– В вычислениях можете ошибаться вы, – отрезал Бете. – Теллер может допускать грубые ошибки. А я – не могу.

– Но Эйнштейн утверждает, что вы добавили Солнцу пять лишних миллионов градусов, – сказал Оппи, чуть заметно пожав плечами. – Вероятно, вы ошиблись в оценке его температуры.

– Оценки?! – возмущенно повторил Бете. – Это была не оценка! Моя теория основана на конкретном, реальном солнечном спектре. И температуру я вывел из спектров.

Оппи нахмурился:

– Вы анализировали спектры сами или поручили кому-нибудь из своих…

– Конечно, сам. Лично.
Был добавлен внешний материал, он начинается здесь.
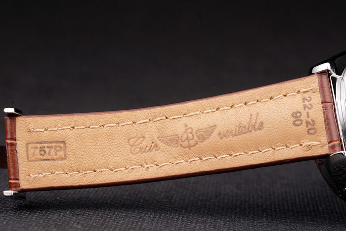 Bracelet: Brown crocodile leather strap with patent white stitching and heat embossed Breitling Replica engravings and engraved stainless steel fold in clasp with Breitling Replica logo on top

В Корнелле.

– Что ж, когда война закончится, вы сможете проверить…

– Я проверю немедленно! – заявил Бете. – Попрошу кого-нибудь из коллег прислать сюда фотопластинки.

– Это не так важно…

– Вы ведь знаете, каким бывает злорадство Теллера? Нет, это не просто важно, а необходимо. Если, как утверждает Эйнштейн, температура на Солнце слишком низка для синтеза углеродно-азотно-кислородного цикла, то откуда же взялись обнаруженные мною углеродные линии?

– Ну, если допустить, что они существуют…
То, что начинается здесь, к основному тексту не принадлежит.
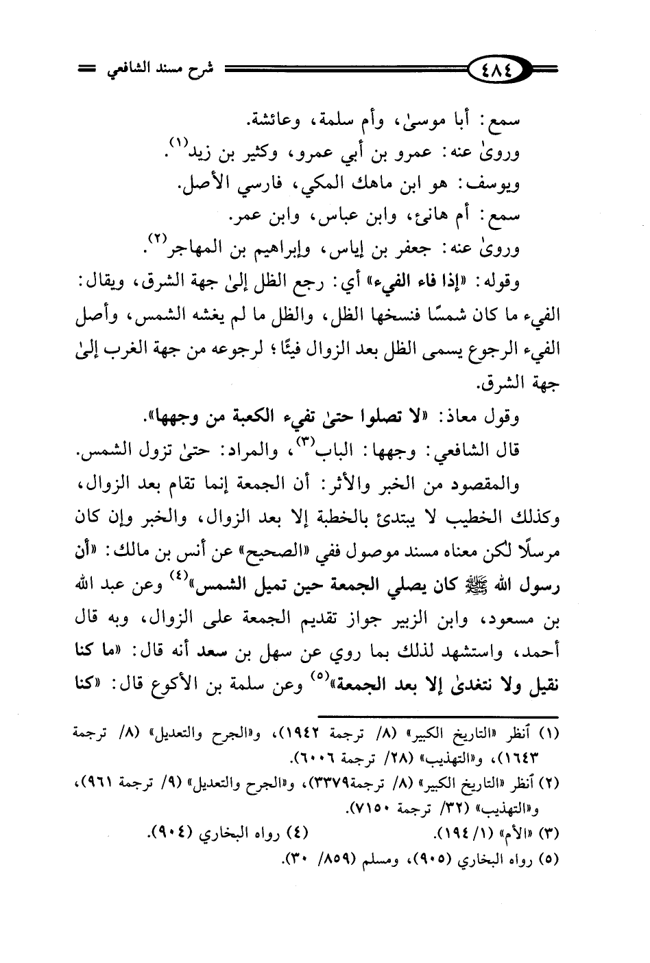 والمقصود من الخبر والأثر: أن الجمعة إنما تقام بعد الزوال، وكذلك الخطيب لا يبتديء بالخطبة إلا بعد الزوال، والخبر وإن كان مرسلًا لكن معناه مسند موصول ففي "الصحيح" عن أنس بن مالك: "أن رسول الله صلى الله عليه وسلم كان يصلي الجمعة حين تميل الشمس" (¬4) وعن عبد الله بن مسعود، وابن الزبير جواز تقديم الجمعة على الزوال، وبه قال أحمد، واستشهد لذلك بما روي عن سهل بن مسعد أنه قال: "ما كنا نقيل ولا نتغدى إلا بعد الجمعة" (¬5) وعن سلمة بن الأكوع قال: "كنا

– Оппи, они существуют! – Морщина на лбу Бете углубилась и стала поразительно похожей на дугу транспортира. – Но если Солнце всегда было таким холодным – всего пятнадцать миллионов градусов, – значит…

– Тогда в его спектрах должны быть в лучшем случае лишь следовые количества углерода, оставшегося от протозвездной туманности, – предположил Оппи. Он задумчиво затянулся трубкой. – И оно никогда не могло бы производить собственный углерод.

– Совершенно верно! – поддержал его Бете.

– Так, значит, вы уверены, что видели углеродные линии… – Оппенгеймер покачал головой. – Невозможно…

– Eppur si muove, – провозгласил Бете, для пущего впечатления перейдя на итальянский язык.

Оппи хмыкнул. «И все-таки она вертится». Слова, которые якобы произнес Галилей после вынужденного отречения от его теории, утверждавшей, что Земля вращается вокруг Солнца. «Факты есть факты», как любит говорить Бете.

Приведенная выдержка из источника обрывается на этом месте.